А. заулыбался и ничего не ответил.
По радио прозвучал «Интернационал». Кончился день, 12-й час. Сегодня будем спать, не раздеваясь.
Это на малом радиусе… А что делается в Москве? Сердце обливается кровью о тех испытаниях, которые выпали на долю москвичей… Идет решающая битва, и москвичи — ее непосредственные участники. Ужас охватывает от этой мысли… Неужели самое жестокое испытание грозит родине?!!
О будущем лучше не думать… Будущего у нас нет… Но у родины будущее есть!
…Может быть, потому что я директор и сам держусь строго и не вступаю в разговоры по вопросам войны и переживаемых трудностей, я вот несколько дней ни с кем не вел беседы о переживаемых событиях. Сотрудники затаились. Ни С., ни И. Л., ни другие о событиях ни слова…

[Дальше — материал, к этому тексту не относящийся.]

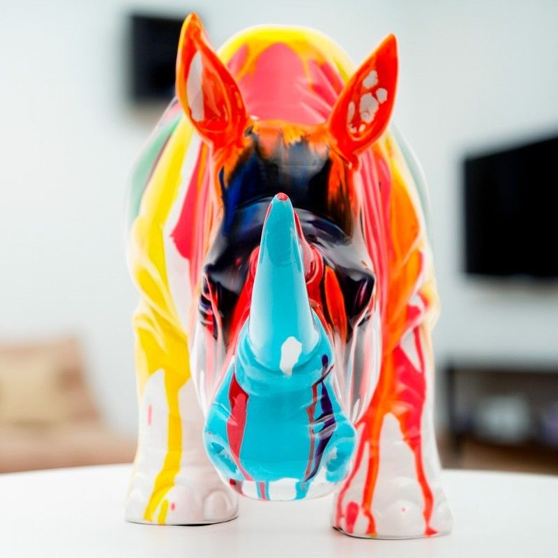 Rinoceronte, 54 x 18 x 24 cm, de poliresina multicolor

Большим усилием, но я добился того, что сотрудники снова наладили свою работу. Теперь все сидим в одной комнате — в читальном зале, где поставлена печка. Ее топим всяким хламом, в том числе и макулатурой. Относительно тепло, около 8-ми градусов! Работать можно!
1941. X. 29. Сто тридцатый день… Вечером две тревоги.
Становится все тяжелее в продовольственном отношении. Сегодня обед был весьма скудный. Но об этом скучно писать. Покуда только нехватки, но еще не голод, терпеть можно. Нужно.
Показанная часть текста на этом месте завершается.